一、环境搭建需求
基于CentOS 7 , jdk1.8 和Hadoop2.7.7环境搭建,准备好CentOS7 64位的镜像,然后在VMware上安装虚拟机
1、创建centos 7系统
参考文章地址:点我一下!
2、配置静态ip,使用finalshell远程登录
参考文章地址: 点我一下!
3、关闭防火墙
systemctl status firewalld.service #查看防火墙状态
systemctl stop firewalld.service #关闭防火墙
systemctl disable firewalld.service #禁用防火墙开机自启
二、环境配置
1、主机名修改
命令修改主机名
通过命令 hostnamectl set-hostname “主机名” 来修改主机名; 重启生效
[root@localhost ~]# hostnamectl set-hostname “hadoop”
[root@localhost ~]# reboot
文件修改主机名
编辑 /etc/ hostname 文件,删除原有内容,添加主机名:hadoop,保存退出
[root@localhost ~]# vim /etc/hostname
[root@hadoop ~]# cat /etc/hostname
hadoop
2、ip映射
修改hosts文件
vim /etc/hosts
写入文件ip映射: 192.168.3.100 hadoop
[root@hadoop ~]# vim /etc/hosts
[root@hadoop ~]# cat /etc/hosts
127.0.0.1 localhost localhost.localdomain localhost4 localhost4.localdomain4
::1 localhost localhost.localdomain localhost6 localhost6.localdomain6
192.168.3.100 hadoop
重启网络
systemctl restart network
3、免密登录
- 这里一路回车
[root@hadoop ~]# ssh-keygen -t rsa
Generating public/private rsa key pair.
Enter file in which to save the key (/root/.ssh/id_rsa):
Created directory '/root/.ssh'.
Enter passphrase (empty for no passphrase):
Enter same passphrase again:
Your identification has been saved in /root/.ssh/id_rsa.
Your public key has been saved in /root/.ssh/id_rsa.pub.
The key fingerprint is:
SHA256:mVpnpT1Yg107cJ4YX8Jx+8zDgoukRFSK6QVtrbCkjJM root@hadoop
The key's randomart image is:
+---[RSA 2048]----+
| ...o. o.=.o|
| o=o.. o O.*.|
| + oo++. . * *. |
| E o..o. o *...+.|
| . . .S.=.o. o+|
| .ooo. ... .|
| .. . . |
| |
| |
+----[SHA256]-----+
- 这里需要输入yes;填写root密码
[root@hadoop ~]# ssh-copy-id localhost
/usr/bin/ssh-copy-id: INFO: Source of key(s) to be installed: "/root/.ssh/id_rsa.pub"

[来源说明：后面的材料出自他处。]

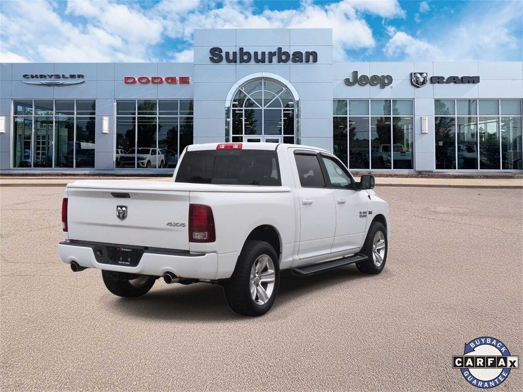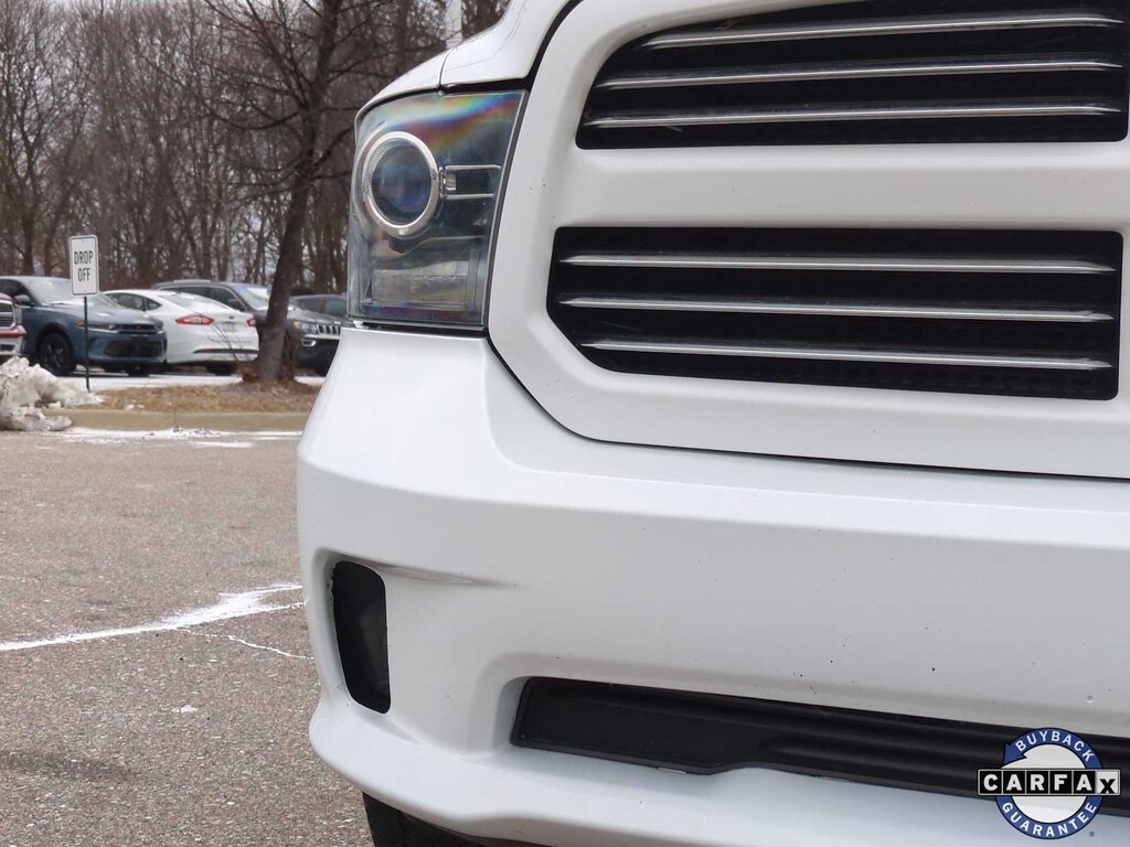 se habla Espanol! Our 2016 RAM 1500 Sport Crew Cab 4X4 struts its stuff in Bright White Clear Coat and is winning praise from drivers just like you! Powered by a 5.7 Liter HEMI V8 that offers 395hp tethered to an innovative 8 Speed Automatic transmission. With our Four Wheel Drive, we appreciate nearly 22mpg on the road and a smooth, comfortable ride with superior acceleration, as well as the ability to tow massive loads. Every time you glance at our RAM 1500 Sport, you just cant help but smile! This strong machine looks tough-as-nails with its great-looking wheels and bi-function projector black headlamps.

The authenticity of host 'localhost (::1)' can't be established.
ECDSA key fingerprint is SHA256:Sd/GXoJN+lri1JsFgCOJ0msEDLxUn0weUKSxetiRsT4.
ECDSA key fingerprint is MD5:bb:a4:1f:43:e2:0f:00:6d:c0:9d:55:07:e7:80:0f:9f.
Are you sure you want to continue connecting (yes/no)? yes
/usr/bin/ssh-copy-id: INFO: attempting to log in with the new key(s), to filter out any that are already installed
/usr/bin/ssh-copy-id: INFO: 1 key(s) remain to be installed -- if you are prompted now it is to install the new keys
root@localhost's password:
Number of key(s) added: 1
Now try logging into the machine, with: "ssh 'localhost'"
and check to make sure that only the key(s) you wanted were added.
- 验证Hadoop是否可以代替ip
[root@hadoop ~]# ssh hadoop
The authenticity of host 'hadoop (192.168.3.100)' can't be established.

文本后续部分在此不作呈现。